The lawsuit Samson is referring to has dragged on for a relatively modest 18 years – since his client, the board at the 930-unit Georgetown Mews co-op in Kew Gardens Hills, Queens, was sued by a shareholder after his upstairs neighbor caused a flood in his ground-floor apartment. The case is still in court today.
“We believe the flood came from the upstairs apartment, probably from a dishwasher hose,” says Samson, a partner at the firm Samson Fink & Dubow, who has represented the co-op since 1989. “It was a simple water-damage case.”

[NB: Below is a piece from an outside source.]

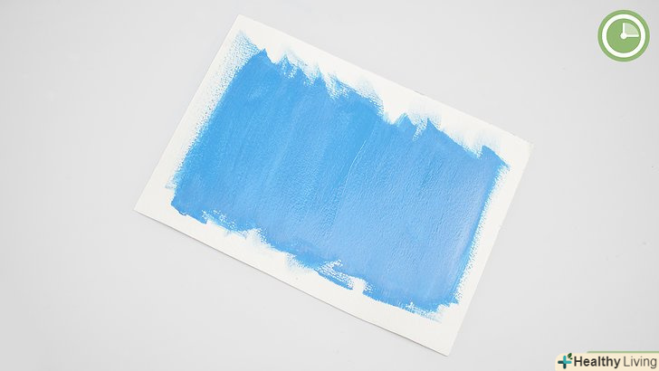 Загрунтуйте лист одним з двох кольорів, які ви збираєтеся змішати. як правило, для фону вибирають більш темний колір. Широкими мазками загрунтуйте лист. Дайте фарбі повністю висохнути. [8]- Наприклад, якщо ви хочете зобразити небо, на якому кольори плавно переходять один в інший, заґрунтуйте лист середнім синім тоном. Дайте фарбі повністю висохнути.

Well, not so simple. After the insurance companies of both the upstairs and downstairs shareholders paid for repairs to their respective apartments, the downstairs shareholder sued the co-op, claiming “latent defects” had caused the flood, though the complex was built in 1952. The shareholder stopped paying his monthly maintenance, which led the board to move to evict him, which led the shareholder to agree to resume payments, which he did, sporadically. Courts have blocked the co-op from foreclosing until the case is resolved. The arrears now amount to about $30,000, and the board’s insurer has so far failed to get the injunction lifted.
“This is what you get when you allow your insurance company to hire your lawyer,” Samson says. “Insurance company logic is that they do not attack, they passively defend. From their point of view, they’re winning because they haven’t had to pay out anything or go to court. The upstairs neighbor has moved out. The downstairs neighbor hasn’t paid $30,000 in maintenance. Everyone’s a winner except Georgetown Mews. I’ve tried to get the board to sue its insurance company, but they don’t want to waste the time, energy, and money. Co-op boards sometimes don’t realize that you get what you pay for. If your lawyer is passive, bad things happen. And that’s what happened here.”
Mary Fischer, president of the Georgetown Mews co-op board, says, “Here’s the bottom line: shouldn’t there be a law that insurance companies have to settle a case in a timely fashion?” That said, she adds that this case is a relatively minor concern for a board that is installing one of the largest residential solar projects in the state. “Where am I going to use my money?” Fischer says. “On boilers and solar energy, or on settling this insurance problem? My priority is on capital improvements that better the whole corporation.”
The existence of pending litigation in a co-op creates problems. Every time a shareholder tries to sell an apartment or the board tries to refinance its underlying mortgage, the nature of the pending litigation has to be explained to placate potential buyers and lenders. “And that runs up legal fees,” Samson says. “It’s a permanent irritation.”
But Samson predicts that this case will be resolved – eventually. The board has placed a lien on the plaintiff’s apartment, which means he can’t sell the unit or refinance his mortgage until he has paid the arrears. Even if he holds onto the apartment, it’s safe bet that one day he will die. When he does, the shares can be transferred only after the arrears are paid.
“The board will get its $30,000,” Samson says. “Maybe not in my lifetime, but they’ll get it.”